Вот неугомонная душа!

— Ну, чего тебе? Дрыхни, знай, запрягать скоро!

Вижу, мнется.

— Там это… Скворбчит что-то.

— Как так — скворбчит?

Она, бестолочь, пятерней шевелит.

— Ну, тихонько так — дыр, дыр — будто издаля. Хотела Федюне сказать, да его на месте нет, к собакам, наверное, пошел в тот вагон.

— Так его собаки, поди, и чешутся. А ты сразу — скворбчит…

— Нет, дед. Это не собаки. Послушал бы ты, что ли…

Вижу, надо идти, не отвяжется. Ох, шебута на мою голову! Вернулся в вагон.

— Показывай, — ворчу, в котором месте у тебя скворбчит…

И вдруг сам услыхал: дыр, дыр — глухо, будто сквозь землю. Я сейчас плюх на пол и ухо приложил — через рукавичку, конечно, а то потом с мясом отдерешь, от мерзлого-то. Прислушался к нутру земному, а там буровля стоит! Будто кто коловорот в бревно вкручивает — дыр да дыр, дыр да дыр… Ох, знакомы мне сверлильщики эти!

Подхватился — и назад, к сторожам:

— Тушите костер! — кричу шепотком. — Царапуха идет!

Разбросали головни подальше, кострище снежком присыпали. Ждем. Тут уж как доведется: либо бежать, манатки похватав, либо притаиться и не отсвечивать. Бежать, похоже, поздно, самое время Богу помолиться — авось царапуха мимо пройдет. А все-таки боязно. Целую ночь костром землю грели — вдруг почует? Правда, знающие люди говорят, она больше на открытый огонь бросается — такая у царапухи особенность. Однако же и хлебалом щелкать не приходится, кто ее, тварину, знает, что ей в ганглию взбредет…

— Плохо дело, — Витька-копейщик сипит.

— Чего еще?

— Головня тлеет.

Пригляделся — и правда, огонек вдалеке.

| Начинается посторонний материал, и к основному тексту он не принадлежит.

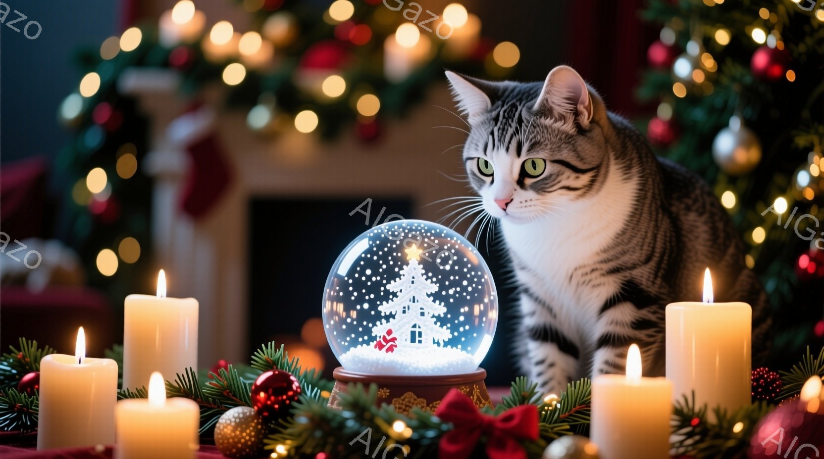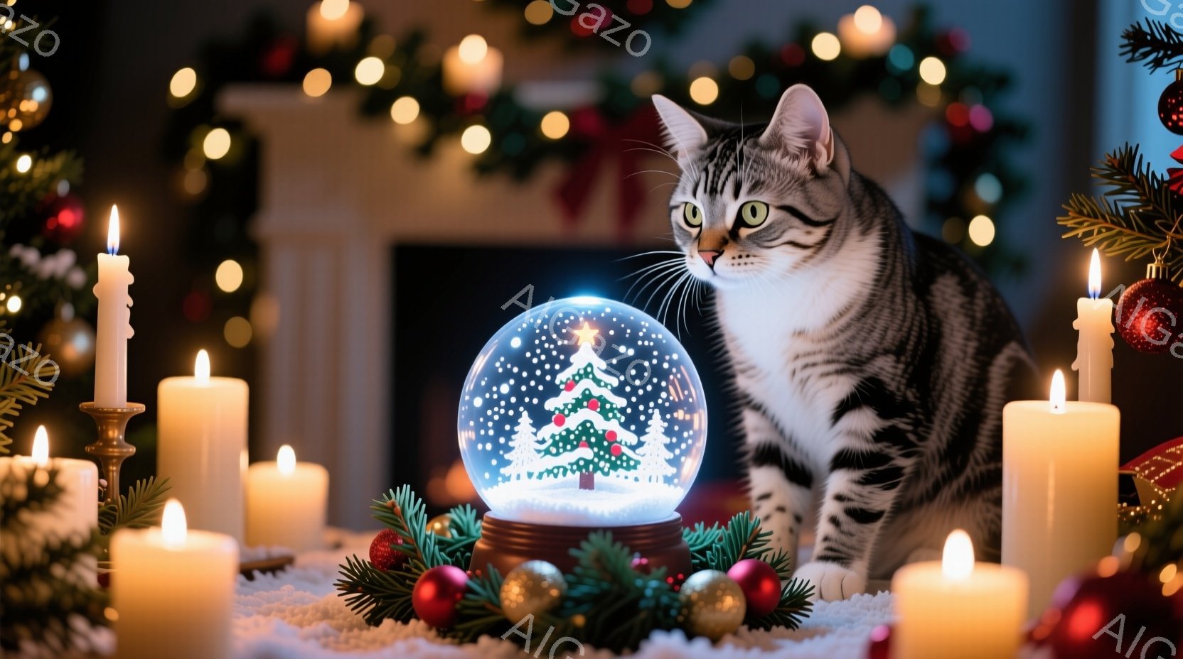 茶色の縞模様の猫が、クリスマスツリーが入ったスノーグローブの横に座り、興味深そうにスノーグローブを見つめている。背景には、緑色のガーランドと点滅するクリスマスライトがあり、暖かくお祝いの雰囲気を醸し出している。白いキャンドルがいくつか配置され、スノーグローブと猫を照らし、優しく幻想的な光を放っている。

Ребята поленья-то раскидали, а притушить не постарались, как следует, вот и раздуло.

— Пойти, притоптать, что ли? — Леханя молодой спрашивает.

— Сиди ты, топтун! — отмахиваюсь.

Сроду меня чуйка не подводила, и теперь знаю: совсем близко царапуха. Ломанется с-под наста — вякнуть не успеешь.

— А ведь там ходит кто-то, — Витька в поле уставился. — Вона!

Этого еще не хватало! Кому бы там ходить? Все наши в вагоне, только сторожа в дверях сгрудились. И не окликнешь ведь! У царапухи ухо в полтулова, остальное — пасть. Кричать при ней никак нельзя. Костя Глиняный так-то крикнул раз, и ага. Разверзлось под ногами, вроде погреба, — и нет человека…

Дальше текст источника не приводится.